A joint research project between scientists from the United States and United Kingdom will be one of the most detailed and extensive examinations of a massive Antarctic glacier ever undertaken.
The collapse of the Thwaites Glacier in West Antarctica could significantly affect global sea levels. It already drains an area roughly the size of Britain or Florida, accounting for around 4 percent of global sea-level rise — an amount that has doubled since the mid-1990s.
The U.K. Natural Environment Research Council and the U.S. National Science Foundation will deploy scientists to gather the data needed to understand whether the glacier’s collapse could begin in the next few decades or centuries.
The project involves around 100 scientists from world-leading research institutes in both countries alongside researchers from South Korea, Germany, Sweden, New Zealand and Finland, who will contribute to the various projects. These projects aim to deliver answers to some of the big questions for scientists trying to predict global sea-level rise.
“For more than a decade, satellites have identified this area as a region of massive ice loss and rapid change,”said the lead U.S. scientific coordinator, Dr. Ted Scambos, of the National Snow and Ice Data Center. “But there are still many aspects of the ice and ocean that cannot be determined from space. We need to go there, with a robust scientific plan of activity, and learn more about how this area is changing in detail, so we can reduce the uncertainty of what might happen in the future.”
Dr. Rebecca Totten Minzoni, an assistant professor of geological sciences at The University of Alabama, has a role to play as a marine geologist and paleontologist in the roughly $25 million research collaboration. She will use her expertise in finding clues to the past behavior of Thwaites Glacier through what is left behind in the offshore sediment to inform models for how the glacier could behave in the future.
Antarctica’s glaciers contribute to sea-level rise when more ice is lost to the ocean than is replaced by snow. To fully understand the causes of changes in ice flow requires research on the ice itself, the nearby ocean and the Antarctic climate in the region.
Satellites show the Thwaites region is changing rapidly with warmer currents swirling around it, reaching under the ice shelf and working as a sort of lubricant that melts it from below. Not enough, however, is known about this process and how extensively it reaches under the ice shelf.
The project will deploy the most up-to-date instruments and techniques available, from drills that can make access holes 1,500 meters into the ice with jets of hot water to autonomous submarines.
Totten Minzoni will be aboard a research vessel where her part of the international team will extract cores of sediment from the sea floor to reveal the conditions around the ice sheet for the past 12,000 years.
“It’s just like stepping back in time because each layer tells you about a different time period and the glacial and oceanographic conditions,” she said.

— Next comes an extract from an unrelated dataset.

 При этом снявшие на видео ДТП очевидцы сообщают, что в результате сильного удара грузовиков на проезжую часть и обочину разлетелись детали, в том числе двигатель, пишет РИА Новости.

Specifically, Totten Minzoni and her students will look for the silica walls of microscopic, single-celled organisms, called diatoms, that can be preserved in sediment for millions of years. The abundance of the diatom microfossil remains and the species present at different intervals provide clues about the water that supported them, whether it was warm or cold, and whether there was sea ice or large ice shelves at the time.
Combined with dating of the sediment cores, Totten Minzoni’s findings will help researchers understand the rates of past glacier retreat, especially in the presence warm water, which can be used to understand how Thwaites Glacier could behave in similar waters today and in the future.

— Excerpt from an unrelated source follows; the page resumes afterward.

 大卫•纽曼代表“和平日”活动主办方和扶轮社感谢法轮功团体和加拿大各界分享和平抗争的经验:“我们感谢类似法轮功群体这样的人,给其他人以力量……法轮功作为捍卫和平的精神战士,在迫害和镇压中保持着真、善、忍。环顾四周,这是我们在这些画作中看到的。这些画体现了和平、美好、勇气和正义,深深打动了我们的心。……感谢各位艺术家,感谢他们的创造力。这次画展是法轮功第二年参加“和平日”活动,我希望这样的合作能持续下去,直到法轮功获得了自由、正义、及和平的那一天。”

“The whole focus of this large project is have a more accurate model for what the contribution of Antarctica to sea level rise is going to be,” she said.
Totten Minzoni’s team of marine geologists, Thwaites Offshore Research (THOR), is one of the eight projects funded by the joint NSF and NERC grant, and is led by the University of Houston and the British Antarctic Survey, with collaborators from Rice, Columbia and Exeter universities.